I'm sorry if this is a simple question but I have a csv file with time formats as follows: hh:mm:ss
An extract of the file looks like this:
column_name
00:00:00
01:00:00
02:00:00
03:00:00
...
23:00:00
00:00:00
I have the following regex expression to match all those times
[0-9]{2}[:][0-9]{2}[:][0-9]{2}
My question is how do I get rid of the colon and the seconds (:ss
) essentially changing the format from
hh:mm:ss
to hh:mm
in a python script?
I managed to change all the -
to /
by using this line of code:
df['column_name'] = df['column_name'].str.replace('-', '/')
I tried using this line:
df['column_name'] = [re.sub(r'[0-9]{2}[:][0-9]{2}[:][0-9]{2}', r'[0-9]{2}[:][0-9]{2}', str(x)) for x in df['column_name']]
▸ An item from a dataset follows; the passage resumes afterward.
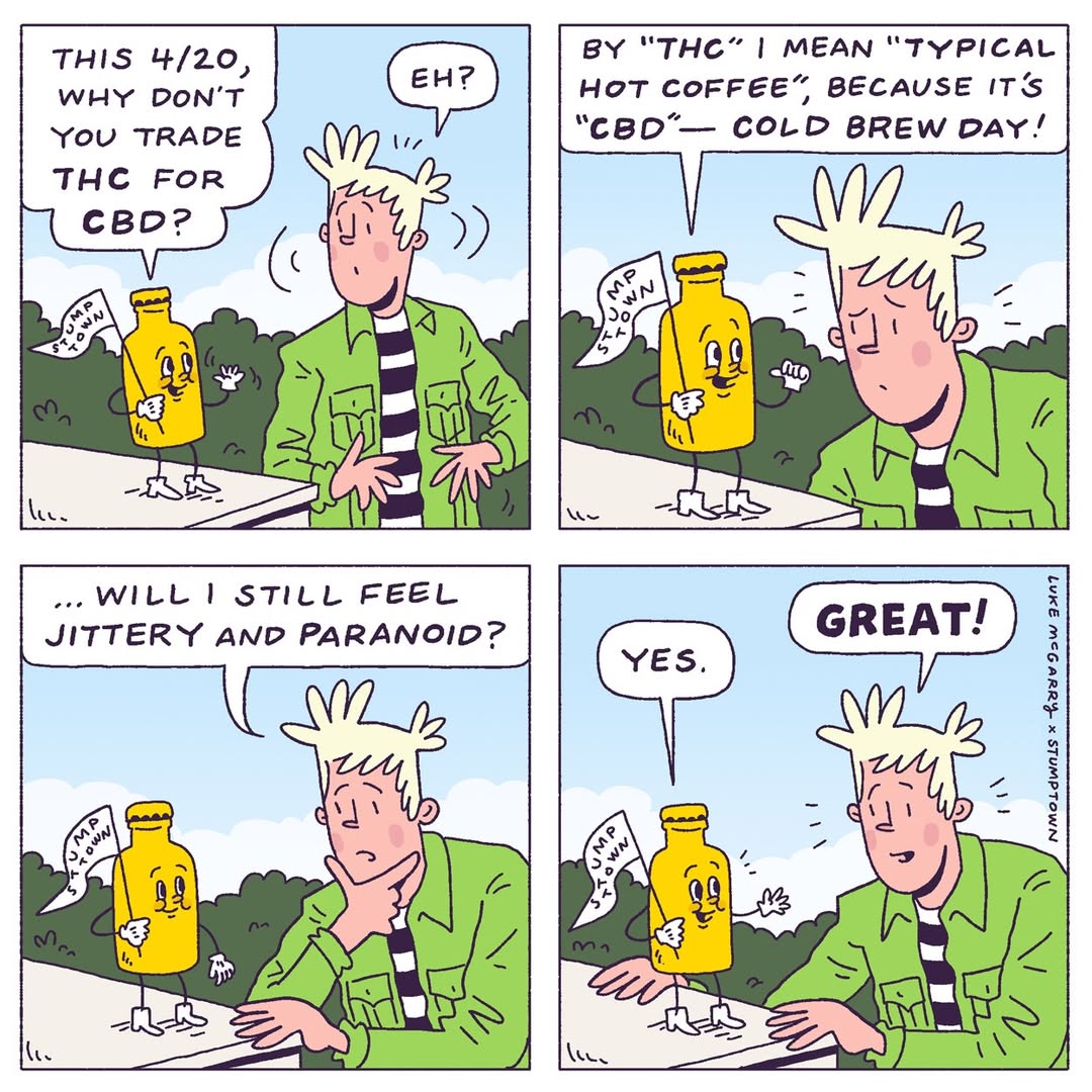 the bottle excitedly says "by THC i mean "Typically Hot Coffee", because it's CBD- Cold Brew Day!" as the cartoonist looks confused.

But this changed all the times to this [0-9]{2}[:][0-9]{2}
I also tried just using slicing such as [:-3]
but I could not get it to work:
df['column_name'] = [re.sub(r'[0-9]{2}[:][0-9]{2}[:][0-9]{2}', [:-3], str(x)) for x in df['column_name']]
Any help would be much appreciated, Thank you
CodePudding user response:
You can slice the string with str:
df['column_name'] = df['column_name'].str[:-3]
Or:
df['column_name'] = df['column_name'].str.rsplit(':', 1).str[0]
CodePudding user response:
if you want to use regex to tackle this, use capture groups:
df.column_name.str.replace(r'(\d{2}):(\d{2}):(\d{2})', r'\1:\2', regex=True)
to define a capture group, you enclose it in parenthesis. you can then refer to the captured string using the group index (starting with one).
also, important to note that since the groups are referred as \<group-number>
, a raw regex string needs to be used.